- **TASK ITEM**: Among the entries below, find every line that contains the string "Clear", then copy it.

- **Items from a data source**:
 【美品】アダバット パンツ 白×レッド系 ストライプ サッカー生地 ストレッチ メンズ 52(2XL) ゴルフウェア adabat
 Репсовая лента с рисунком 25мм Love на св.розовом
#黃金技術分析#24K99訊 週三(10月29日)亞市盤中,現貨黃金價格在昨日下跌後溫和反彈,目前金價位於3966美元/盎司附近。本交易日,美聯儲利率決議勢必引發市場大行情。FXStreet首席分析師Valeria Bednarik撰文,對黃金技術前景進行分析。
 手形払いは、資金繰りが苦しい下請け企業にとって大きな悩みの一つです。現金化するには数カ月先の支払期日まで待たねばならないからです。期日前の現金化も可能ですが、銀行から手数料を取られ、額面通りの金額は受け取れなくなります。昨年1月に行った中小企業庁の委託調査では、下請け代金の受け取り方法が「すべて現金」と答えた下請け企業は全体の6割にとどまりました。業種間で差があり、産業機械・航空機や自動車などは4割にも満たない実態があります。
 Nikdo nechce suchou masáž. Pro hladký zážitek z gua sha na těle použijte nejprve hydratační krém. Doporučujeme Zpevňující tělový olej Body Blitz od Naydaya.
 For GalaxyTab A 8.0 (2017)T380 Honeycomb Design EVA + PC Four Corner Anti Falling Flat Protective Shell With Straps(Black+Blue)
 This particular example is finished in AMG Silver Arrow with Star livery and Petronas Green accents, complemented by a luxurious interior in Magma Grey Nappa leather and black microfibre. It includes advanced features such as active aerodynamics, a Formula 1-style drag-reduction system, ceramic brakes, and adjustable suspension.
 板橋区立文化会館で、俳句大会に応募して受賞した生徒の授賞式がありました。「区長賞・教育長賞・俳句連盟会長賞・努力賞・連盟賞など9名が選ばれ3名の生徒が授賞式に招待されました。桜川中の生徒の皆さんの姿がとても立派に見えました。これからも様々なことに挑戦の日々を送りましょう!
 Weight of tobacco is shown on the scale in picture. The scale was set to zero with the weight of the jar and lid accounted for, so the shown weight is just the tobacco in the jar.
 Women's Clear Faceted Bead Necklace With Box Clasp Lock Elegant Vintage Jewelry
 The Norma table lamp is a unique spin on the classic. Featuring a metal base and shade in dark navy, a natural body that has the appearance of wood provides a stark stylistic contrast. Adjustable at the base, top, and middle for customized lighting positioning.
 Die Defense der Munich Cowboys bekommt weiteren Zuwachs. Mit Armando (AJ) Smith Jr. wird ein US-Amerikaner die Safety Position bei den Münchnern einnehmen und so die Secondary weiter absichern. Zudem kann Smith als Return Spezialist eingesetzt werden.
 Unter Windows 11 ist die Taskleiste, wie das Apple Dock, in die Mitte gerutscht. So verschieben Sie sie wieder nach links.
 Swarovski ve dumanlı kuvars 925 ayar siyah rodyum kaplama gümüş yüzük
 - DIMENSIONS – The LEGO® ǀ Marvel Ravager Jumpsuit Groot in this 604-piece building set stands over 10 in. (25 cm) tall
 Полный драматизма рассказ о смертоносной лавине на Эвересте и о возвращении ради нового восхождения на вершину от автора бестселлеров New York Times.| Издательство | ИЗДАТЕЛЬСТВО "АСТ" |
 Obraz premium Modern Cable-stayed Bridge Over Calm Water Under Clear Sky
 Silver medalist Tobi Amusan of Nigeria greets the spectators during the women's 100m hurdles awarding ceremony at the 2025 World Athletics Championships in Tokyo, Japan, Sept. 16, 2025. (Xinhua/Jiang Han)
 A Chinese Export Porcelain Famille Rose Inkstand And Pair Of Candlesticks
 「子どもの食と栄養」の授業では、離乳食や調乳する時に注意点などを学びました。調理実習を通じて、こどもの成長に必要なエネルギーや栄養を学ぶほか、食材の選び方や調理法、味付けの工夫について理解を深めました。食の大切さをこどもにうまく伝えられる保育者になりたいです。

- **OUTPUT FOR THIS EXERCISE**:
 Women's Clear Faceted Bead Necklace With Box Clasp Lock Elegant Vintage Jewelry
 Obraz premium Modern Cable-stayed Bridge Over Calm Water Under Clear Sky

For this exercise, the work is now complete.